Culinary art control general control is to be cooked for heating the calandria of rice to be cooked in cooking equipment by control The heating power of calandria to be in each cooking stage of journey to adjust the temperature of culinary art, at the same control each cooking stage culinary art when It is long, to complete culinary art control.Culinary art control information is the information used required for carrying out culinary art control, and culinary art control information can To be any one of culinary art parameter and culinary art curve.Wherein, culinary art curve can be with the temperature and time of cooking stage point Not Wei abscissa and ordinate curve, culinary art parameter can be culinary art curve in coordinate parameters value.
Corresponding culinary art can be obtained according to the rice kind of rice to be cooked and control information by controlling equipment or terminal, for example, rice Corresponding culinary art control information is different with colored rice for corresponding culinary art control information.Specifically, controlling equipment or terminal can be The corresponding culinary art control information of different rice kinds is stored in advance, is also possible to that the culinary art control information of benchmark is stored in advance, according to rice The culinary art control information that kind adjusts benchmark obtains culinary art control information corresponding with rice kind.Specifically, above-mentioned classification culinary art control When method is applied to that the control equipment of cooking equipment is arranged in, the calandria that rice to be cooked is heated in control cooking equipment is added The step of heat cooking, specifically adjusting calandria, in the heating power of each cooking stage, realize culinary art control.Above-mentioned classification culinary art Control method be applied to terminal when, control cooking equipment in heat rice to be cooked calandria carry out heating cooking the step of, tool Body is the cooking equipment that corresponding culinary art control information is sent to communication connection, so that cooking equipment controls information according to culinary art Calandria is adjusted in the heating power of each cooking stage, realizes indirectly controlling for culinary art.
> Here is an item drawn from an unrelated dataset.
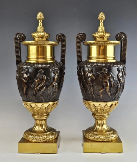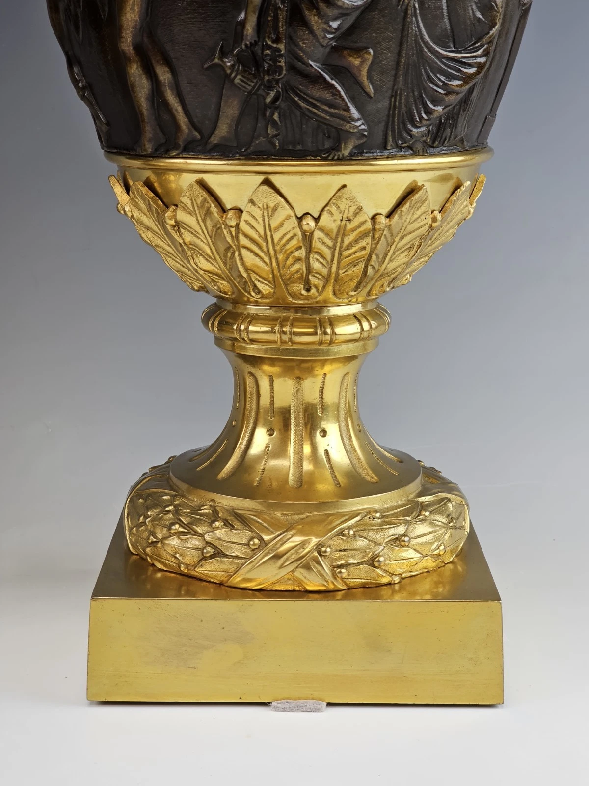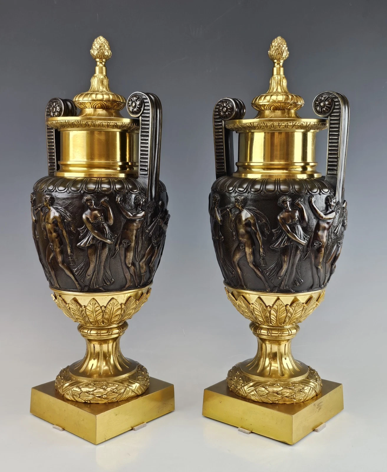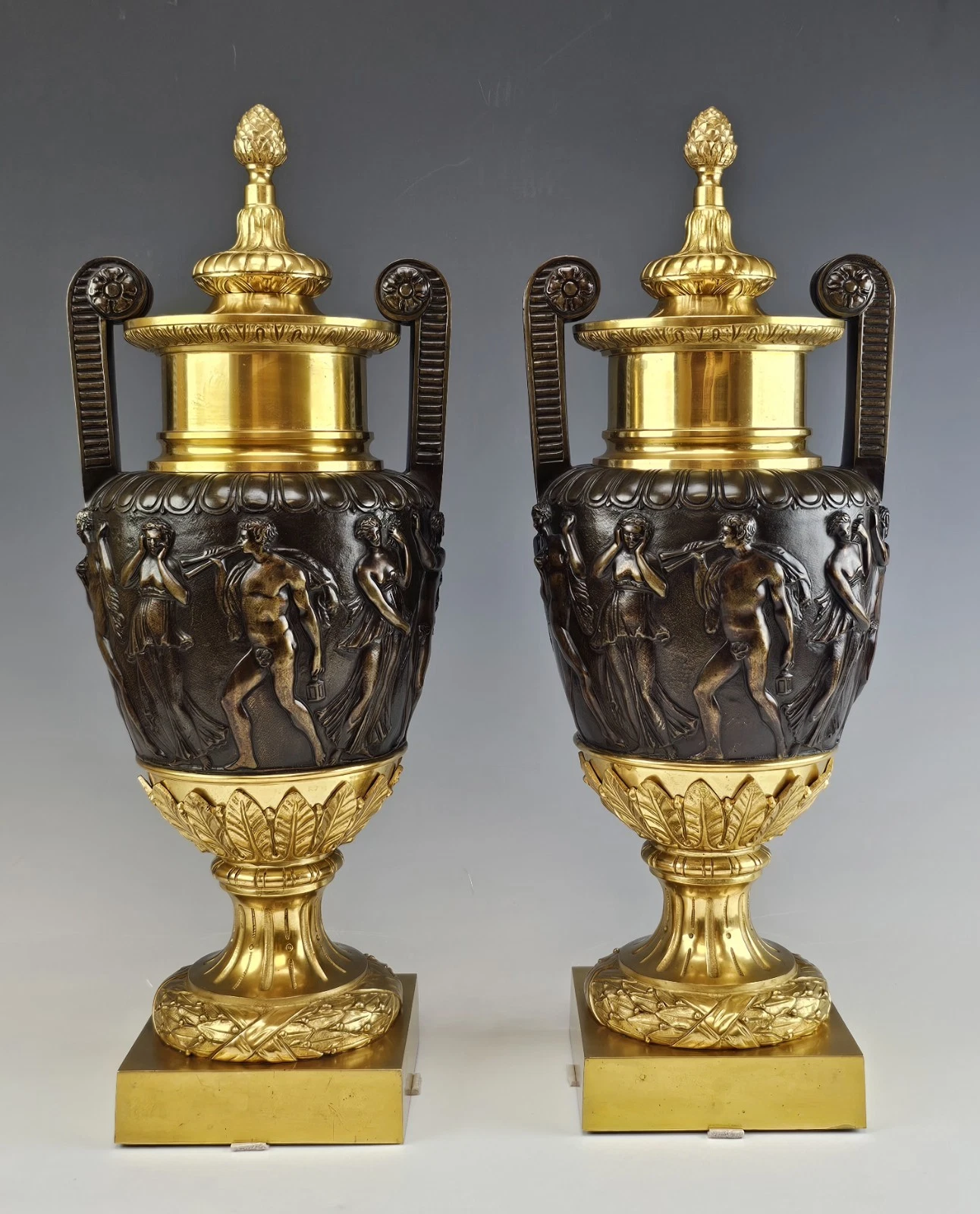 Large size urns casted with high relief Greco - Roman figures around the body. Twin roundish handles, gilt bronze square base adorned with acanthus leaf decoration. Gilt bronze round tops end with accorn style finial.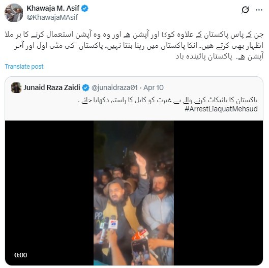 "Those who have any other option besides Pakistan and express their willingness to use it, such people do not have to live in Pakistan. The soil of Pakistan is our first and last option," Asif wrote in his post.

After the rice kind to rice to be cooked identifies, different culinary arts is called to control information, base for different rice kinds Heating cooking is carried out in different culinary art control information control calandrias.Since culinary art control information is based on identification rice to be cooked Rice kind after determine so that the culinary art control information for cooking different rice kinds is different, then cook effect difference.Therefore, may be used Realize classification culinary art control.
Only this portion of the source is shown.